= Leslie Hubricht =

American malacologist (1908–2005)

Leslie Hubricht (born 11 January 1908 in Los Angeles, California, died 16 September 2005 in Meridian, Mississippi) was an American biologist and malacologist.

If he had lived in a previous century, Hubricht would have been called a "gentleman naturalist". His formal education ended after one semester of high school; his informal education lasted his lifetime.

Professionally, Leslie Hubricht worked as an assistant at the Missouri Botanical Gardens from 1936 to 1943, then, until 1973, he was employed by Remington Rand as a tabulating machine mechanic and as a UNIVAC repairman. Much of his time, however, was devoted to one or another aspect of natural history, including plants, cave life, and amphipods and isopods.

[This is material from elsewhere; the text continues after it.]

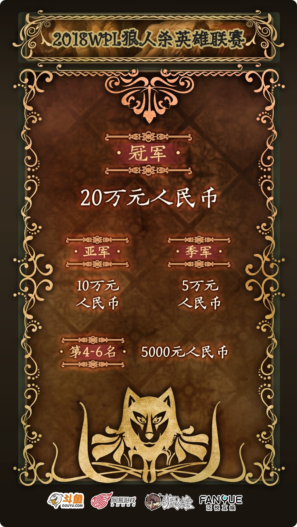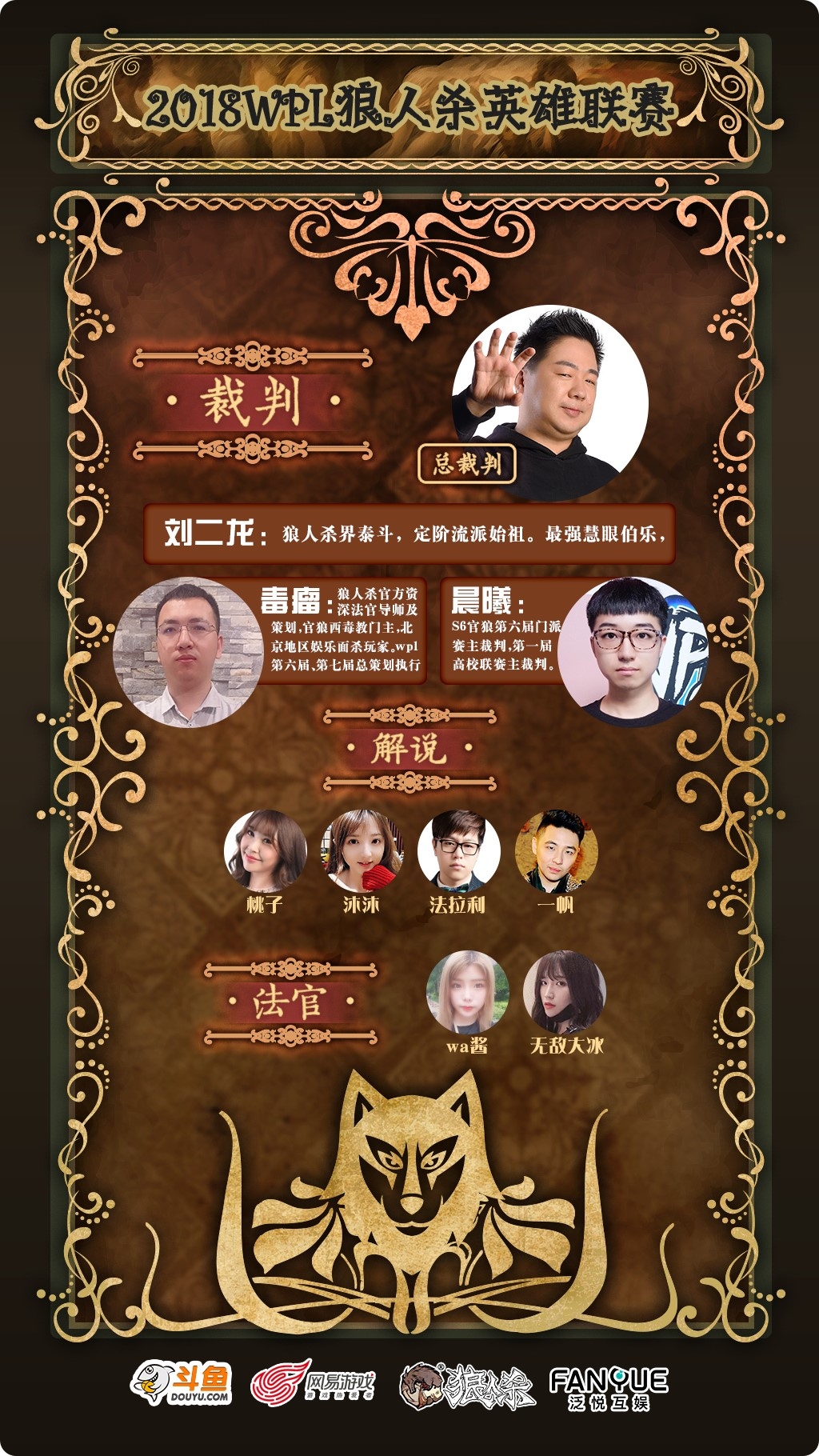 12月2日15点,狼人杀英雄联赛2018总决赛在武汉华中科技大学国际学术交流中心附近正式开赛!斗鱼8000全程独家直播! 本届狼人杀英雄联赛,是由网易游戏、狼人杀官方主办,上海泛悦文化承办, 斗鱼直播独播呈现的全国最高级别狼人杀赛事。 从九月份的百万狼友线上海选赛,西安、成都、北京、武汉、上海、广州六大城市赛,到封神之战的全国总决赛, 共历经为期三个月的激烈角逐,最终十二名选手突出重围。 百天磨砺,一朝登顶。真正的比赛,才刚刚开始! 他们要面对的,是来自六大赛区的最强两人。 等待他们的,是五场比赛的持久鏖战。 拼下百万分之一的机会,临门一脚在此一役。 犹记的西安赛区冠军283容嬷嬷悍跳狼人最稳发言,竟能使得全场男士无人怀疑; 北京赛区逍遥派三叔强势C全场,直指冠军; 成都赛区283掌门北影凯神南派代表,热血突围; 上海赛区斗鱼GK瞎唠嗑头发比人浪,放飞自我聚焦全场; 武汉赛区“道歉哥”汉普(武汉普通话)支配全场,只得一发道歉三连。 WPL拥有场外最权威顶级裁判阵容,最专业的赛事团队,颜值超高的美女法官,烧脑对决不容错过! 本次赛事还有价值百万的奖金。总决赛角逐出的冠军、亚军、季军将分别获得20万、10万、5万元人民币现金奖励, 第4—6名将分别获得5000元人民币现金奖励。除此之外赛事互动充值的5%也将作为奖励。 冠军将分得其中34%,2—12名将每人分得6%。奖励不仅有高额现金,还有成为主播的机会。 进入决赛圈的12名选手,都将获得斗鱼主播签约资格!荣耀加冕天下知! 要么留下背影,要么拔得头筹,究竟谁能兑现自己的豪言!让我们一起见证,最强狼王的诞生,超凡入圣! |

He was especially devoted to the study of the terrestrial mollusks of the eastern United States, a field in which he was termed a "world authority" by Alan Solem (then Curator of Invertebrates at the Field Museum of Natural History in Chicago). The museum's purchase of his collection in 1990 was instrumental in its development of a world-class terrestrial mollusk collection.

Hubricht had 3 kinds of plants and 26 kinds of animals named in his honor. Hubricht himself named 81 kinds of land snails from the eastern United States. His list of scientific publications contains 147 entries.

==Selected publications==
- Hubricht L. & Mackin J.G. 1940. Descriptions of 9 new species of freshwater amphipod crustaceans, with notes and new localities for other species. American Midland Naturalist, 23: 187–218.
- Hubricht L. & Ralph O. Erickson. 1941. Another method for recording localities from topographical maps. Science 93(2412): 288.
- Pilsbry, H. A. & Hubricht L. 1956. Beach drift Polygyridae from southern Texas. Nautilus 69: 93–96.
- Hubricht L. 1964. Land Snails from the Caves of Kentucky, Tennessee and Alabama. Bulletin of the National Speleological Society. 26(1): 33–36.
- Hubricht L. 1985. The distributions of the native land mollusks of the Eastern United States. Fieldiana: Zoology New Ser: 24. 191 pp.